Regular Expression to Find Extra-Long Strings?

Regular Expression to Find Extra-Long Strings?

7
NewbieNewbie
7

    Jul 21, 2007#1

    I'm importing some big data tables into my HTML pages. Apparently, some of the table cells contain long strings without spaces, which are breaking my layout. That is, I can't set the table width to say, 500 pixels because these long, unbroken strings are stretching out the cell widths in at least one of the columns. And since there are thousands of rows, I can't find them manually.

    Naturally, I don't know in advance how long the strings actually are or what they contain, only that they are much longer than a typical word. They may be occuring at the beginning of a sentence, mid-paragraph (bounding by spaces), or at the end of a sentence (terminated with a period). They are probably 30 are more characters long, but could be much longer in the case of a long and nasty URL.

    How can construct a regular expression (or other Find / Replace method) to find these long strings? Thanks for your help!

    262
    MasterMaster
    262

      Jul 21, 2007#2

      First, you didn't tell us your version of UE and preferred regex style, so let's assume that you use version 12.00 or above.

      Switch to perl style regex as described in the announcement and use this regex:

      [^\s]{25,}

      which match all words, urls, anything without spaces,tabs with 25 characters and above. (Remember to check "regular expression" in the find dialog).

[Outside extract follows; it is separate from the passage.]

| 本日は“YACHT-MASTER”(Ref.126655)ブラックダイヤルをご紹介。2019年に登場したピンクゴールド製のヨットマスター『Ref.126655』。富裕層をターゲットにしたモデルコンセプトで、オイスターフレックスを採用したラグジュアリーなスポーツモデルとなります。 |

      I you want to experiment with some very primitive hyphenation you could search for

      ([^\s]{25})([^\s])

      and replace

      \1- \2

      which inserts a "hyphen" (dash) in words etc. after character no. 25.

      7
      NewbieNewbie
      7

        Jul 22, 2007#3

        Thanks, that worked!

        Sorry I missed the sticky . . . I was using an older 11.2 version of UE, so I download the current version for this task.

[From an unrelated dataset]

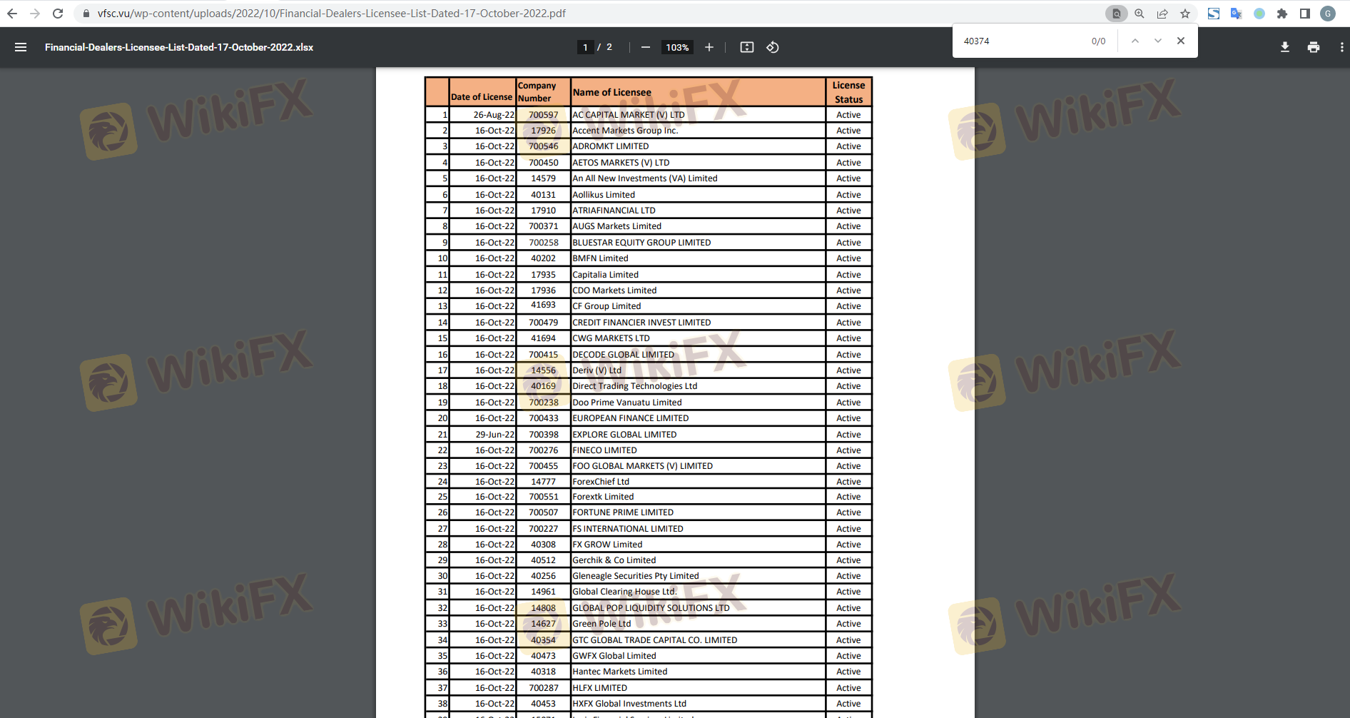 | Vanuatu Financial Services Commission | 40374 | Vanuatu | Not Verified |

        It turns out there was some long unbroken lines as I expected, mostly non-breaking space characters that some bozo had in their webpage, and that were subsequently imported into my page. 

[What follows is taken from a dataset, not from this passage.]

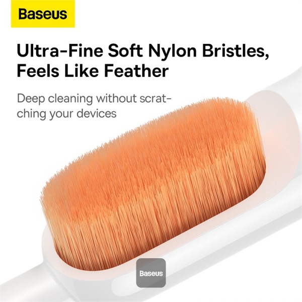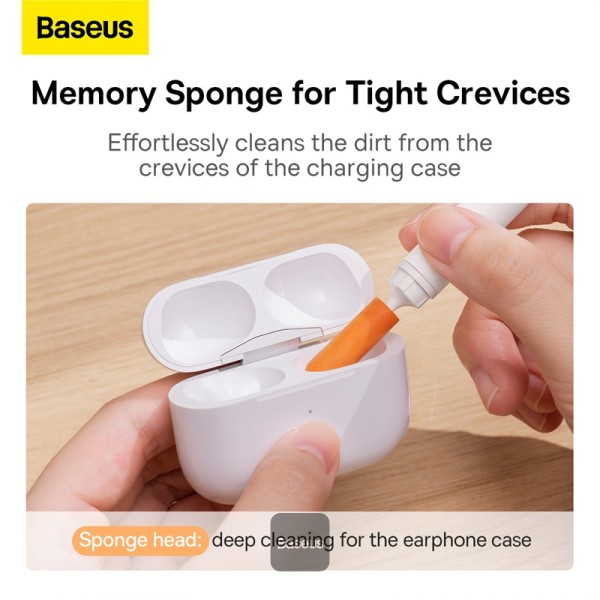 - With its dual-brush design, you can switch between a soft brush for delicate dust removal and a sponge brush for deep cleaning. The sponge tip reaches deep into your earphone charging case, ensuring every corner is thoroughly cleaned. Whether it’s dust stuck in the crevices or grime on the sound outlets, the Baseus Cleaning Brush handles it with ease.

        But that's not what was breaking the layout. I found a line of keywords separated by commas in an unusual and grammatically incorrect way:

        Instead of this pattern . . .

        "word, word, word, etc."

        they used

        "word ,word ,word ,etc."

        that is, with the space preceding the comma instead of the comma preceding the space. After I did a search / replace to fix that, everything snapped back into shape. Hard to believe that would break the layout in the IE7 browser, but it did. Firefox was not affected.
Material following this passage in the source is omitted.